● DATA PROVIDED
* * * * * * * * *
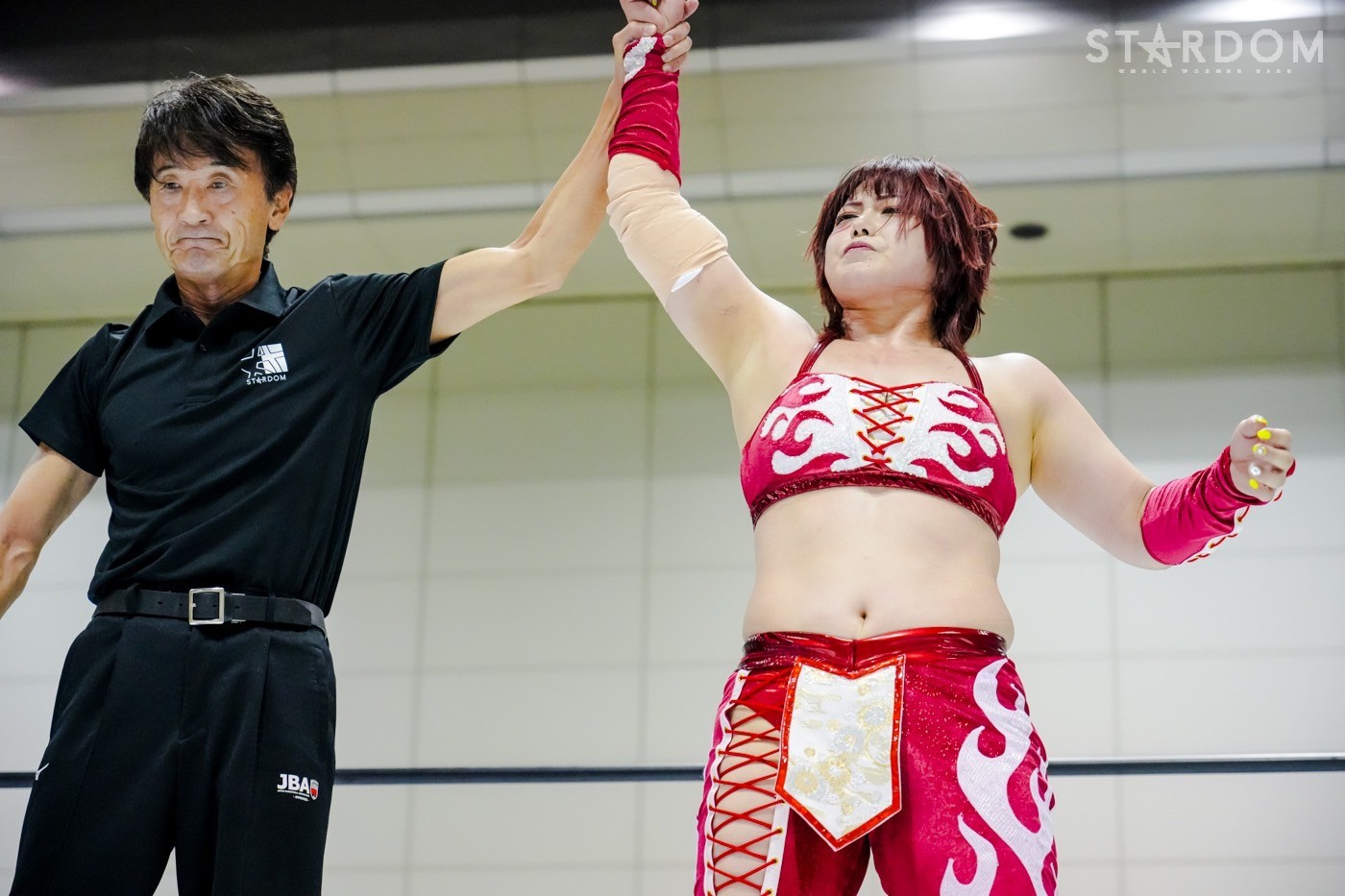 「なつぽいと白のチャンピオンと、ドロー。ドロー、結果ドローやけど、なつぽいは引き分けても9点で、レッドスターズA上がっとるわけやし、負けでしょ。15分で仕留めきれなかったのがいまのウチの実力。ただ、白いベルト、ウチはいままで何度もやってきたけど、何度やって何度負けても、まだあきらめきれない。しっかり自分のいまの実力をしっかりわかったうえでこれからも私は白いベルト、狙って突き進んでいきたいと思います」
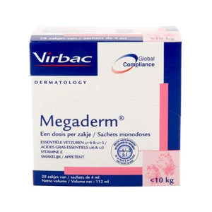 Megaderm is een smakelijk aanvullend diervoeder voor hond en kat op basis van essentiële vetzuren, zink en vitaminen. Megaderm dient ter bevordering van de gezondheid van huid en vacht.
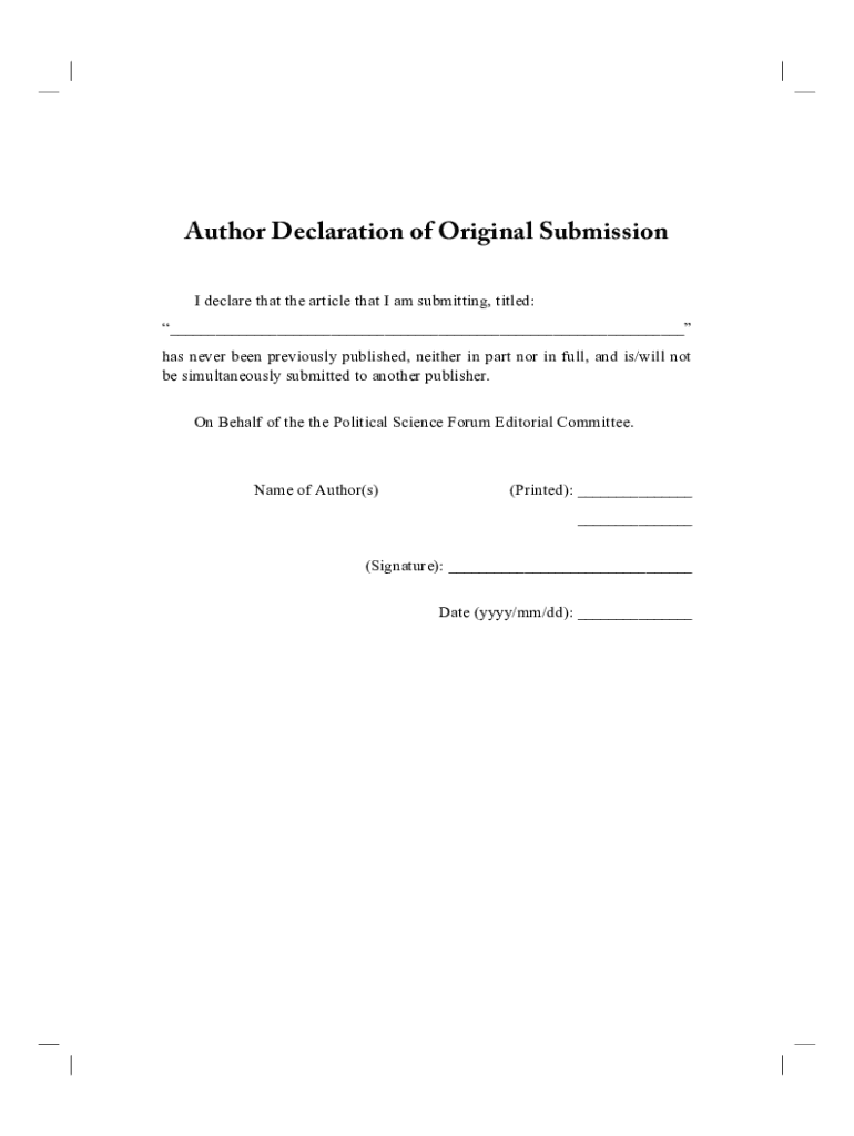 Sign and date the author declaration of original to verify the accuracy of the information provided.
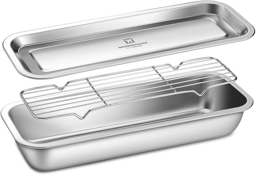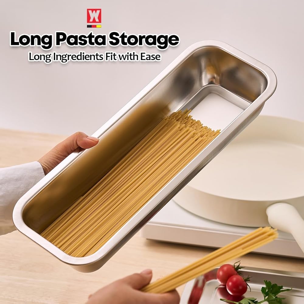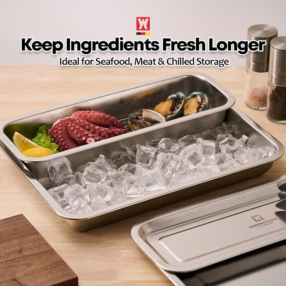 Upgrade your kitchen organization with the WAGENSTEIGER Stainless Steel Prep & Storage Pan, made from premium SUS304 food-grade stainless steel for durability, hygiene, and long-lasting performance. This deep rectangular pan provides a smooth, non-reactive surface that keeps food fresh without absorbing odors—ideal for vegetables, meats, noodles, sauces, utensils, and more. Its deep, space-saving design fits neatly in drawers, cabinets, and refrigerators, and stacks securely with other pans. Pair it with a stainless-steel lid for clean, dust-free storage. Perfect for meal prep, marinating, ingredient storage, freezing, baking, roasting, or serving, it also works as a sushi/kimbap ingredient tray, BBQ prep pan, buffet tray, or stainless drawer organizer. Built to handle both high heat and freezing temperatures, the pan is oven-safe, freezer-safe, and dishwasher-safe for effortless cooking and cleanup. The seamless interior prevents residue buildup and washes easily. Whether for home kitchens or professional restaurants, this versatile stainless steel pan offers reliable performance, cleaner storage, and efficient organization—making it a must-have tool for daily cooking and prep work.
* * * * * * * * *
● WORK REQUIRED
All of the listing above must be output exactly, except for its pictures.

● SOLUTION FOR THIS PROBLEM
 「なつぽいと白のチャンピオンと、ドロー。ドロー、結果ドローやけど、なつぽいは引き分けても9点で、レッドスターズA上がっとるわけやし、負けでしょ。15分で仕留めきれなかったのがいまのウチの実力。ただ、白いベルト、ウチはいままで何度もやってきたけど、何度やって何度負けても、まだあきらめきれない。しっかり自分のいまの実力をしっかりわかったうえでこれからも私は白いベルト、狙って突き進んでいきたいと思います」
 Megaderm is een smakelijk aanvullend diervoeder voor hond en kat op basis van essentiële vetzuren, zink en vitaminen. Megaderm dient ter bevordering van de gezondheid van huid en vacht.
 Sign and date the author declaration of original to verify the accuracy of the information provided.
 Upgrade your kitchen organization with the WAGENSTEIGER Stainless Steel Prep & Storage Pan, made from premium SUS304 food-grade stainless steel for durability, hygiene, and long-lasting performance. This deep rectangular pan provides a smooth, non-reactive surface that keeps food fresh without absorbing odors—ideal for vegetables, meats, noodles, sauces, utensils, and more. Its deep, space-saving design fits neatly in drawers, cabinets, and refrigerators, and stacks securely with other pans. Pair it with a stainless-steel lid for clean, dust-free storage. Perfect for meal prep, marinating, ingredient storage, freezing, baking, roasting, or serving, it also works as a sushi/kimbap ingredient tray, BBQ prep pan, buffet tray, or stainless drawer organizer. Built to handle both high heat and freezing temperatures, the pan is oven-safe, freezer-safe, and dishwasher-safe for effortless cooking and cleanup. The seamless interior prevents residue buildup and washes easily. Whether for home kitchens or professional restaurants, this versatile stainless steel pan offers reliable performance, cleaner storage, and efficient organization—making it a must-have tool for daily cooking and prep work.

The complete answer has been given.